Here's a thought..._don't let him back in._


----------



## theliq (Oct 6, 2011)

OOOoooo you'r being a bit HARD Editec for the poor mutt..


editec said:


> Here's a thought..._don't let him back in._


----------



## theliq (Oct 6, 2011)

Its not a FULL MOON is it Strolling, inside then outside,then inside feeling frigging freezing,such is life at times with mans best friend but hey we all go through it a times.     steve



strollingbones said:


> i have been up with the dogs since 1 am......thor is being a pill......i let him out....then he comes back in for 2 hours and wants back out...the 3rd time...i just started smacking them with a rolled up newspaper....i now have everyone in the living room laying down...jake is all pissed cause i wont let him go to his master...thor is pissed cause he has not been wacked like this since he was a puppy.....buddy is happy as a clam.....lol
> 
> i would prefer to be curled up in the warm bed.


----------



## Si modo (Oct 6, 2011)

You hit dogs????????


----------



## Mr. H. (Oct 6, 2011)

I once hit a dog with my car. Damn thing's heavy!


----------



## strollingbones (Oct 6, 2011)

yea i hit the dogs....with a rolled up newspaper.....they are hard done by


----------



## Si modo (Oct 6, 2011)

strollingbones said:


> yea i hit the dogs....with a rolled up newspaper.....they are hard done by


It just says that a dog gets the better of you.


----------



## del (Oct 6, 2011)

Si modo said:


> strollingbones said:
> 
> 
> > yea i hit the dogs....with a rolled up newspaper.....they are hard done by
> ...



if i hit everything that got the better of me, i'd have forearms like popeye.


just sayin'


----------



## strollingbones (Oct 6, 2011)

at 1 am.....sleep is what i want......and these are well trained dogs....no excuse for this sudden behavioral change


----------



## Si modo (Oct 6, 2011)

del said:


> Si modo said:
> 
> 
> > strollingbones said:
> ...


THE hit is what makes the dog get the better of you.  It's not an effective training tool, either.  Our brains are.


----------



## strollingbones (Oct 6, 2011)

yea well after the smacking they laid down and behaved......

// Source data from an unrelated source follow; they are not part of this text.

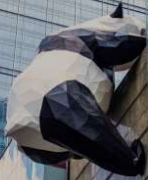
ยานไท่กุ๋พลี IFS (หมีแพนด้าปีนตึก)

เดินข้ามถนนมาอีกหน่อย ท่านจะได้ซื้อป๊อง ถนนคนเดินชุนซีอู่ (Chunxi Road) เต็มไปด้วยร้านค้าแบรนด์ชั้นนำทั้งในและต่างประเทศ รวมถึงร้านเสื้อผ้าแฟชั่น รองเท้า อุปกรณ์อิเล็กทรอนิกส์ และของฝาก ถนนคนเดินชุนซีอู่เป็นจุดที่มีความคึกคักและเต็มไปด้วยผู้คน โดยเฉพาะในช่วงวันหยุดสุดสัปดาห์และเทศกาลต่างๆ คุณจะได้พบกับการแสดงศิลปะการแสดงดนตรี และกิจกรรมที่น่าสนใจ มีร้านอาหารมากมายที่เสนาอาหารท้องถิ่นและขนมหวานที่หลากหลาย นักท่องเที่ยวสามารถลิ้มลองเมนูพื้นเมืองที่อร่อย เช่น เสี่ยวหลงเปา (ซาลาเปานึ่ง) หรือขนมโบราณตามรอยซีรีส์จีนอย่าง มาโลโกว ก็มีเช่นกัน
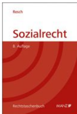
Sozialrecht Ladenpreis: 36,00 EUR
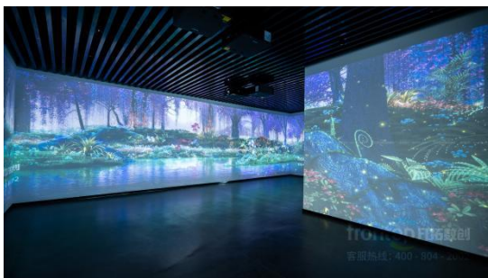
贵州六盘水智慧农旅数字生态体验中心
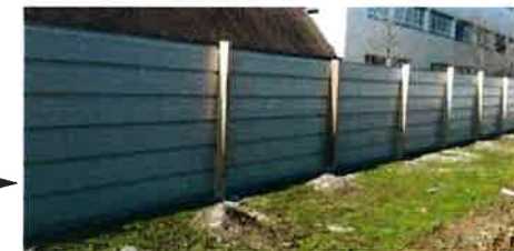
Enceinte de chantier en tôles

someone was being trained....tonight will show whom


----------



## Xchel (Oct 6, 2011)

a smack with a paper rolled up does not hurt them and it isn't abuse either...it gets their attention which is what it is meant to do. It lets them know you are not happy with their behavior...they get it even though they are dogs.


----------



## Si modo (Oct 6, 2011)

Xchel said:


> a smack with a paper rolled up does not hurt them and it isn't abuse either...it gets their attention which is what it is meant to do. It lets them know you are not happy with their behavior...they get it even though they are dogs.


I don't think it's abuse, either.  

It's not an effective training tool for dogs compared to using our brains.


----------



## strollingbones (Oct 6, 2011)

its a last resort thing......and they know it.....more shames them.....tells them their behavior is not acceptable....its a pup thing....and they know it...


----------



## Si modo (Oct 6, 2011)

strollingbones said:


> its a last resort thing......and they know it.....more shames them.....tells them their behavior is not acceptable....its a pup thing....and they know it...


I understand.  However, I would recommend trying Cesar Milan's training techniques.  You might find that you will sleep through the night more often.


----------



## strollingbones (Oct 6, 2011)

lol i have his book in the car...a friend loaned it to me..she has 8 dogs.....she uses his methods......her 8 dogs dont lol


----------



## strollingbones (Oct 6, 2011)

i am afraid its coyotes moving down for the winter.....i need to get my trial cam back


----------



## Si modo (Oct 6, 2011)

strollingbones said:


> lol i have his book in the car...a friend loaned it to me..she has 8 dogs.....she uses his methods......her 8 dogs dont lol




Is that like watching a fitness show with a bowl of buttered popcorn on one's lap?


----------



## strollingbones (Oct 6, 2011)

pretty much .....thor is not one to do this.....but the other night.....i didnt let him out...and he had a small accident....diarrhea....i figured that was it....so last night i had to get up with him.....but hubby had stayed up late...so he was wanting to go out every 2 hours....that is why i got up with him....no accidents....just wanting to go out...one time he began to howl....he rarely does that....i dont let jake or buddy out with hm...add to this that his knee is hurting....and he is pumping dermaxx...its just a mess right now...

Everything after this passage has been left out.